Following a series of offers from Hollywood producers to create a Minecraft-related television series and a crowdfunding campaign for a fan film that was shut down by Minecraft creator Markus "Notch" Persson, Persson revealed that Mojang Studios was in talks with Warner Bros. to develop an official Minecraft film in February 2014. Later in October, Mojang CCO Vu Bui stated that the movie was early in development, and would be a "large-budget" production. He also said that the film might not be released until at least 2018. Originally, Roy Lee and Jill Messick were set to produce the project. That same month, Warner Bros. hired Shawn Levy to direct the film, though he and writers Kieran and Michele Mulroney, who were developing the film together, left the project by December.

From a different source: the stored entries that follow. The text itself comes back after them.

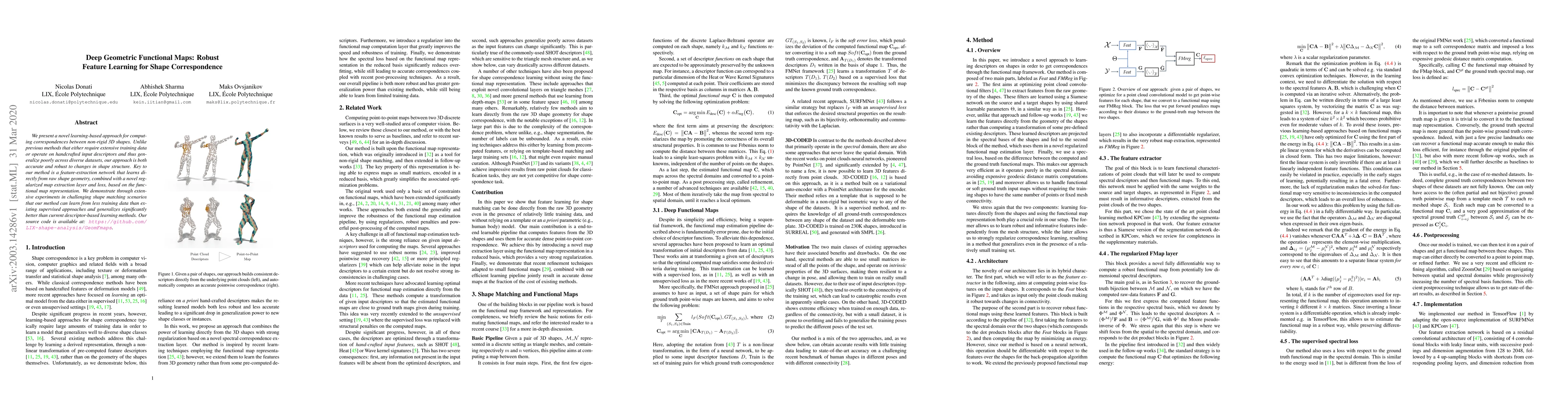 A new approach for computing shape correspondences in 3D shapes is presented, demonstrating robust feature learning and generalization across diverse datasets with less training data than existing methods.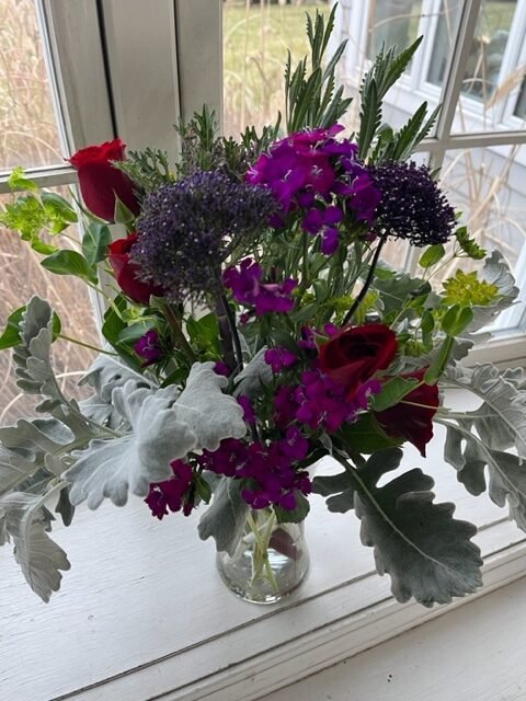 10 bouquets minimum. DYI Bulk. A passionate departure from the traditional red rose bouquet, this refreshing option for any event year round. Its intriguing shape gives way to an irresistible combination of dark lavender-hued blooms. Offering up a masterpiece of color and texture destined to be admired.
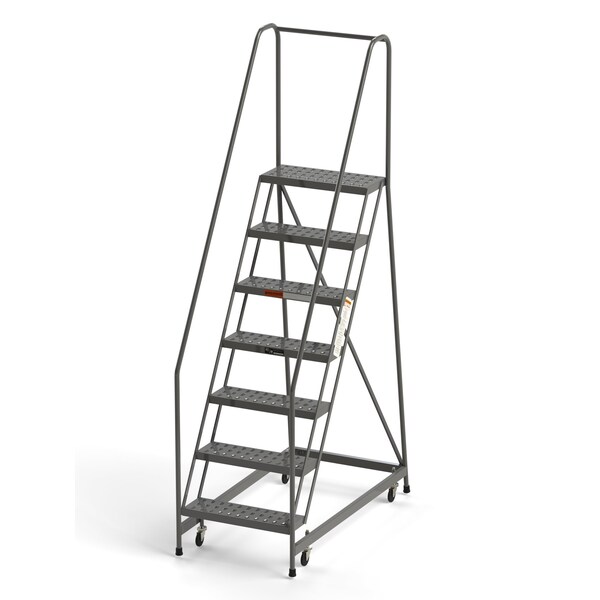 Industrial Rolling Ladder, 7 Steps, 24"W Perforated Tread, 450 lbs. Capacity

By July 2015, Warner Bros. hired Rob McElhenney to direct the film. He said that he had been drawn to the film based on the open-world nature of the game, an idea Warner Bros. had initially agreed with and for which they had provided him with a preliminary US$150 million budget. Early production started in 2016, and an initial release date was announced for May 24, 2019. Jason Fuchs was set to write the script of the film, and Steve Carell was going to star as the voice of an unknown character. However, by late 2016, McElhenney's Minecraft film "slowly died on the vine", after studio executive Greg Silverman's departure from Warner Bros. in late 2016. Aaron and Adam Nee were tapped to rewrite the script and the film was delayed as a result. No new director was announced at that time. By January 2019, Peter Sollett was announced to write and direct the film, which would feature an entirely different story from McElhenney's version. Messick, who died in 2018, was posthumously credited as producer. The original vision Sollet had for the film involved "a teenage girl and her unlikely group of adventurers" as they set out on a quest to defeat the Ender Dragon, the final boss of the original Minecraft game. The film was later given a new release date of March 4, 2022. In June 2019, Allison Schroeder was hired to write the script and co-write the story with Sollett. Due to the COVID-19 pandemic in 2020, Warner Bros. was forced to adjust its release schedule, which included removing the Minecraft film from its planned release date.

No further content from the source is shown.